D’un roman de trois cent pages, Geneviève de Kermabon n’a gardé qu’un dixième, mais sans trahir l’ampleur ni la générosité de Victor Hugo. Son coupé-cousu serré laisse la place aux élans puissants du poète et à ses combats pour la liberté et la justice. Indignation : comment pouvons-nous être si aveugles à la misère ? La vraie aveugle n’est pas la belle Dea, mais vous, moi, tous, et particulièrement les riches : «C’est l’enfer des pauvres qui fait le paradis des riches.» Le poète n’a pas besoin de grands mots et trouve son éloquence-que certains appellent grandiloquence-dans les entrechocs et les antithèses, ne se privant jamais de la simplicité dans toute sa grandeur..

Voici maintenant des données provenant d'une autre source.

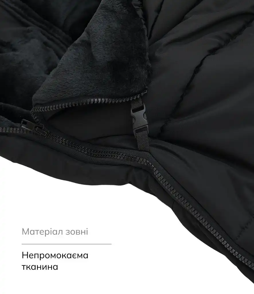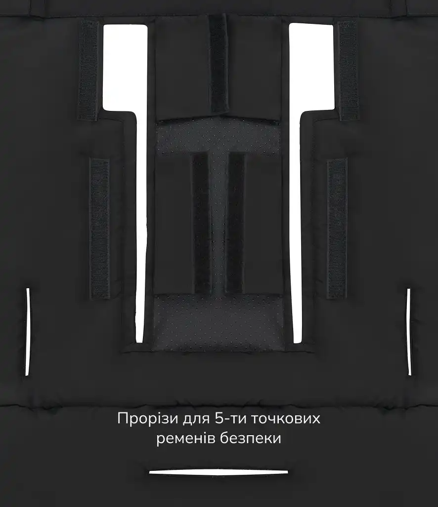 - Конверт имеет регулировку длины – нижняя часть длиной 27 см отстегивается с помощью молний.
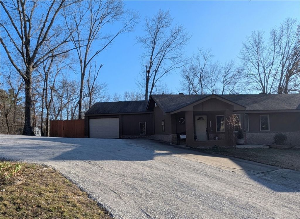 This Bella Vista retreat is an entertainer's delight. Enjoy a peaceful backyard with a wood-burning fireplace, covered gazebo, and forest views. The backyard is also relatively flat so there are many options for upgrades. Inside, the open floor plan flows beautifully with low-maintenance wood-tile floors. The home features two primary suites, each with a walk-in closet and walk-in shower, plus a built-in desk and shelving for work-from-home convenience. The kitchen overlooks the backyard and includes granite countertops, Samsung appliances, a granite composite sink, and a large walk-in pantry. The heated garage (not included in the home's square footage) adds versatility with a cedar closet for extra storage, and a third full bath, perfect after hitting the Bella Vista MTB trails. Located on sewer, the property offers plenty of options for future expansion. Additional side parking provides room to pave or even add a shop. Whether this is your dream home or MTB getaway, it's one you won't want to let slip away.

Geneviève de Kermabon a été acrobate et trapéziste. Ella a été invitée en 88 par le festival d’Avignon à mettre en scène en scène avec des artistes handicapés Freaks ou La Monstrueuse parade, d’après le film de Tod Browning (1932). Elle a sans doute trouvé dans L’Homme qui rit un écho, une fraternité mais n’a pas conçu son spectacle comme un retour à la parade ou au cirque. Elle se fait modestement conteuse, et semble se laisser prendre à son récit ou plutôt à celui de Hugo:elle endosse parfois, avec puissance, tel ou tel personnage. Dans la petite salle du théâtre de Poche, tout près du public, presque en confidence, elle nous fait vivre cette histoire énorme. « Je suis un monstre ? Non, je suis le peuple. Je suis l’Homme Qui Rit. Qui rit de quoi ? De vous. De lui. De tout : je pleure ». Ou encore – ce sont les citations choisies par l’artiste et terriblement pertinentes - : « On a déformé le droit, la justice, la vérité, l’intelligence comme moi les yeux, les narines et les oreilles : comme à moi, on lui a mis au cœur un cloaque de colère et de douleur, et sur la face un masque de contentement ». Pas besoin de commentaires : Hugo donne en quelques mots, dans un grand roman, son  credo humaniste. Et joue son rôle de « lanceur d’alerte » sur les injustices et les inégalités. Cela devrait nous dire quelque chose, aujourd’hui. Et la comédienne et metteuse en scène, dans sa petite grotte théâtrale, avec sa toute petite scène… dont elle n’a pas besoin, nous le transmet en toute simplicité et sincérité. Et nous emmène avec elle.

Christine Friedel

Jusqu’au 4 novembre,Théâtre de Poche, 75 boulevard du Montparnasse, Paris (VI ème) T. : 01 45 44 50 21.